_Your task_
Strip out all images, then restate the data verbatim.

_Data segment_
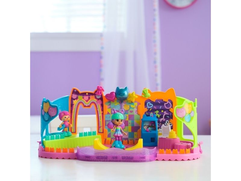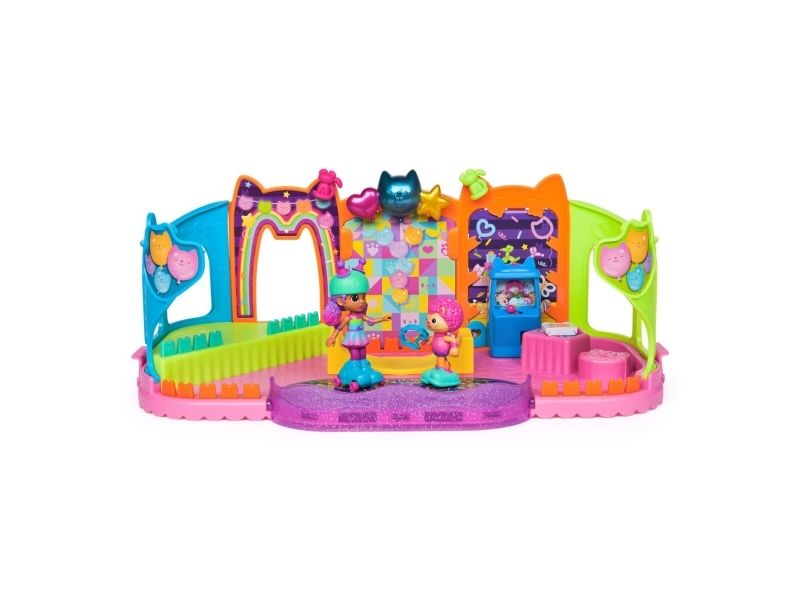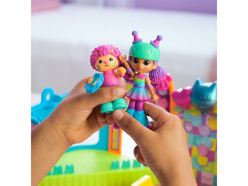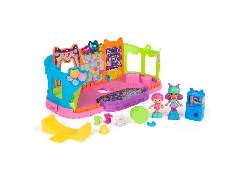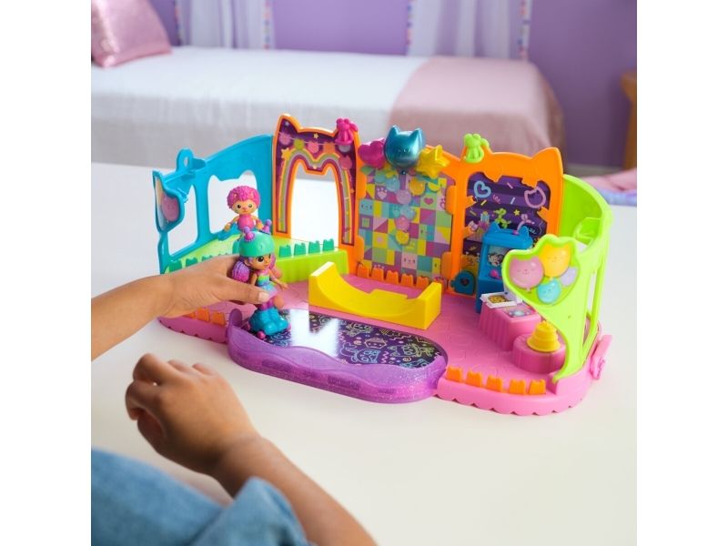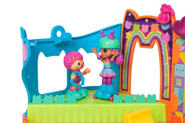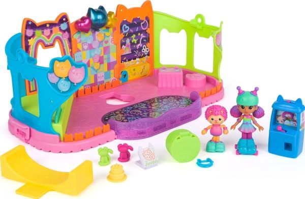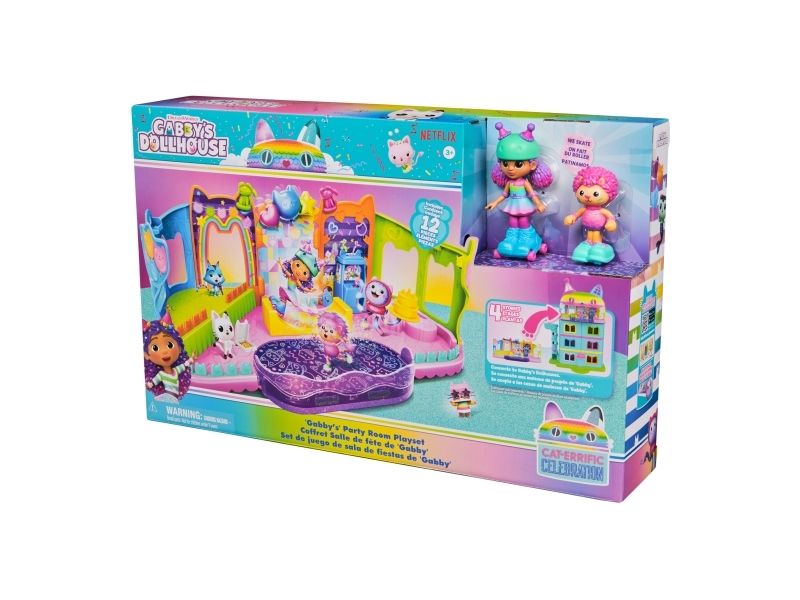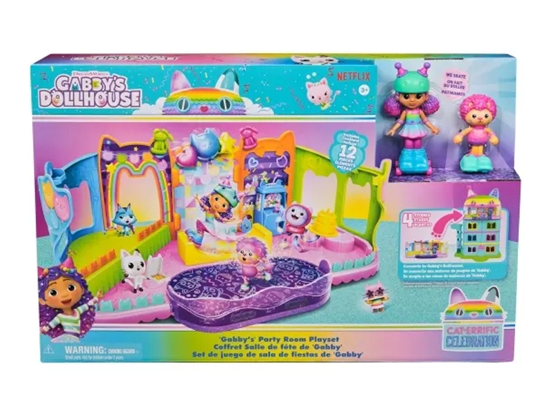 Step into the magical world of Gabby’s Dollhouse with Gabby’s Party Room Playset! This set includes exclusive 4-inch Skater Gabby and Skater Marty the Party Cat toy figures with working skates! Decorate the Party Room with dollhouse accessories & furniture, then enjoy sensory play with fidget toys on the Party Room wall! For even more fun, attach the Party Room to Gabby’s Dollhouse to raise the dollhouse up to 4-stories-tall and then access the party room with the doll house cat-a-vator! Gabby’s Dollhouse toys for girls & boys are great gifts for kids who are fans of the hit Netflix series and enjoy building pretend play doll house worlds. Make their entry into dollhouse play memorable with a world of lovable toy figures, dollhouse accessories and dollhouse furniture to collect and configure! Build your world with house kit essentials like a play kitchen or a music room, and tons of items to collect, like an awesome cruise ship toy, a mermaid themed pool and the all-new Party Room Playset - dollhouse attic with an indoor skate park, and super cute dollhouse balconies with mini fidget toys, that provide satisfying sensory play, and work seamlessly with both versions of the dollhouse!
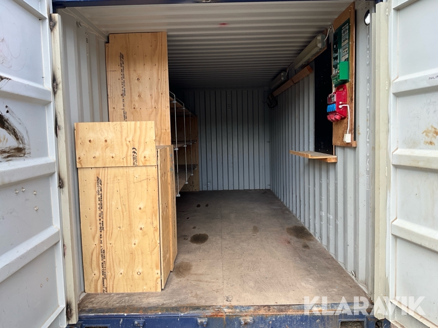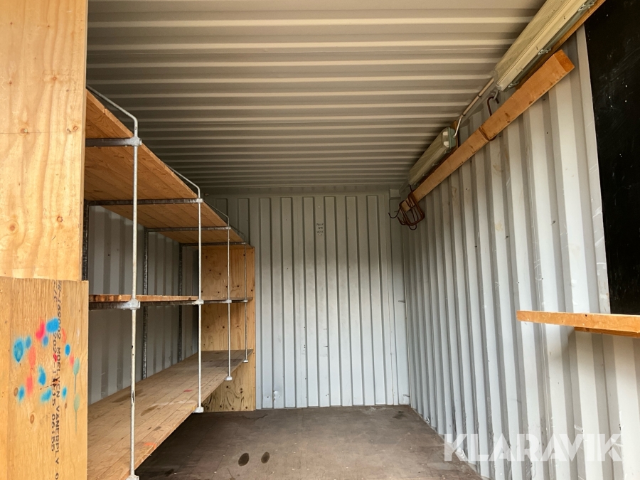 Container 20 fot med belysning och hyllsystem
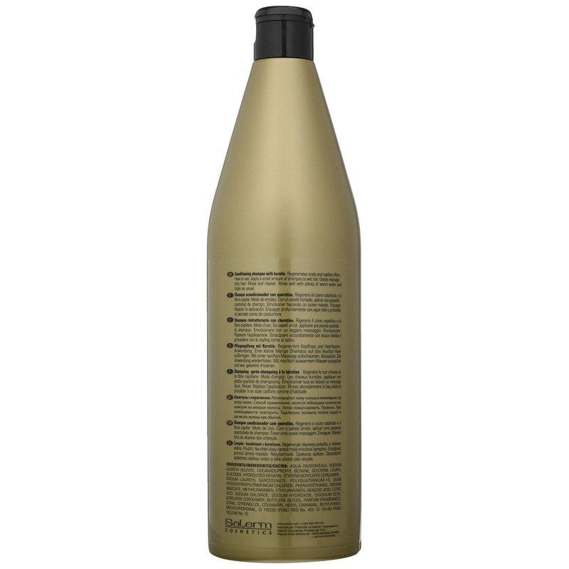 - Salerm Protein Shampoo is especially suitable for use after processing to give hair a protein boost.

_Task output_
 Step into the magical world of Gabby’s Dollhouse with Gabby’s Party Room Playset! This set includes exclusive 4-inch Skater Gabby and Skater Marty the Party Cat toy figures with working skates! Decorate the Party Room with dollhouse accessories & furniture, then enjoy sensory play with fidget toys on the Party Room wall! For even more fun, attach the Party Room to Gabby’s Dollhouse to raise the dollhouse up to 4-stories-tall and then access the party room with the doll house cat-a-vator! Gabby’s Dollhouse toys for girls & boys are great gifts for kids who are fans of the hit Netflix series and enjoy building pretend play doll house worlds. Make their entry into dollhouse play memorable with a world of lovable toy figures, dollhouse accessories and dollhouse furniture to collect and configure! Build your world with house kit essentials like a play kitchen or a music room, and tons of items to collect, like an awesome cruise ship toy, a mermaid themed pool and the all-new Party Room Playset - dollhouse attic with an indoor skate park, and super cute dollhouse balconies with mini fidget toys, that provide satisfying sensory play, and work seamlessly with both versions of the dollhouse!
 Container 20 fot med belysning och hyllsystem
 - Salerm Protein Shampoo is especially suitable for use after processing to give hair a protein boost.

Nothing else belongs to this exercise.